Limit of $x\left(\left(1 + \frac{1}{x}\right)^x - e\right)$ when $x\to\infty$

One method is via the substitution $x = 1/y$. As $x \to \infty$, $y \to 0+$.

The given function can be written as $$ \begin{eqnarray*} \frac 1 y \left[ (1+y)^{1/y} - {\mathrm e} \right] &=& \frac{1}{y} \left[ \exp\left(\frac{\ln (1+y)}{y} \right) - \mathrm e \right] \\&=& \frac{\mathrm e}{y} \left[ \exp\left(\frac{\ln (1+y) - y}{y} \right) - 1 \right] \\ &=& \mathrm e \cdot \frac{\ln(1+y)-y}{y^2} \cdot \frac{ \exp\left(\frac{\ln (1+y) - y}{y} \right) - 1 }{\frac{\ln (1+y) - y}{y}} \end{eqnarray*} $$ Can you go from here? The last factor approaches $1$ by the standard limit $\frac{{\mathrm e}^z -1}{z} \to 1$ as $z \to 0$. The limit of the middle factor can be evaluated by L'Hôpital's rule.

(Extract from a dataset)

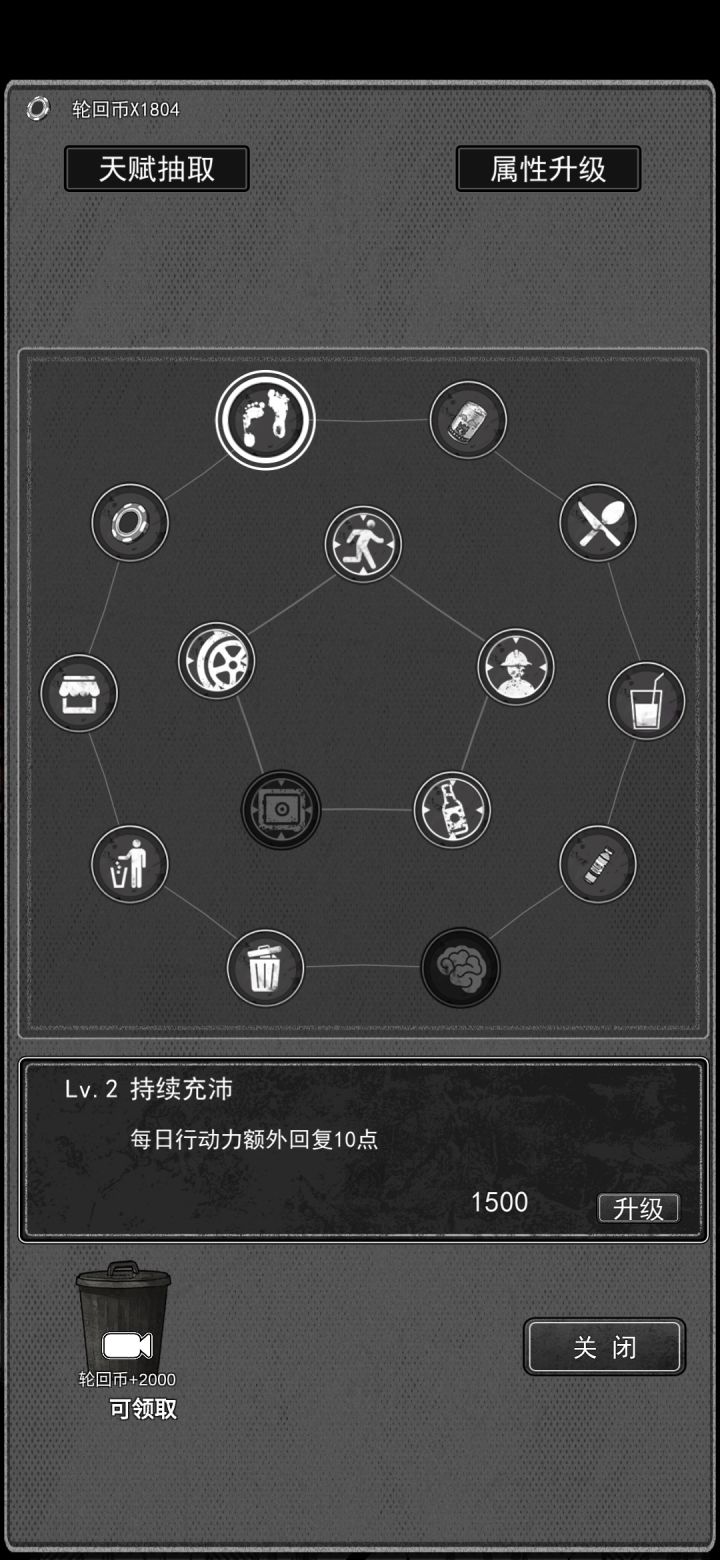 天赋点优先点行动回复,行动上限,开宝+1(这游戏没个几轮回升级天赋,攒不够)开局天赋,尽量刷出来黑市折扣,调虎离山。每天捡宝,看黑市。捡宝屯废品,物价高的时候卖出去。黑市有折扣力度大的东西就全买。可以用,也可以卖。开局天天用手机搞代写,迅速挣满1000,交了第一次金额,再迅速挣满1000,现在目标就变成了升级属性。先盯住一个升,天天去健身馆 去旁听。剩余行动手机上继续升。升高了就去美容院 全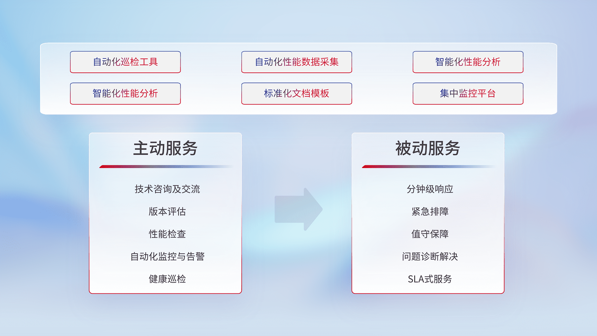 智能化工具和标准化文档,,,保障服务质量,,,,提供主动服务(包含技术咨询、、、版本评估、、、性能检查、、、自动化监控与告警、、、、健康巡检)和被动服务包含(分钟级响应、、、紧急排障、、、值守保障、、、问题诊断解决、、、SLA服务)。。

You can indeed use l'Hôpital. Consider $$ f(x)=\left(1+\frac{1}{x}\right)^{\!x}=\exp\left(x\log\left(1+\frac{1}{x}\right)\right)=\exp(x\log(x+1)-x\log x) $$ Then $$ f'(x)=f(x)\left(\log(x+1)+\frac{x}{x+1}-\log x-1\right) $$ Then we have to compute $$ \lim_{x\to\infty}\frac{f'(x)}{-1/x^2} $$ Since the limit of $f(x)$ is $e$, we can concentrate on $$ \lim_{x\to\infty}\frac{\log(x+1)-\log x-\dfrac{1}{x+1}}{-1/x^2} $$ and use l'Hôpital again: $$ \lim_{x\to\infty}\frac{\dfrac{1}{x+1}-\dfrac{1}{x}+\dfrac{1}{(x+1)^2}}{2/x^3}= \lim_{x\to\infty}\frac{-x^3}{2x(x+1)^2}=-\frac{1}{2} $$ Reinstating the factor $e$, the limit is indeed $-e/2$.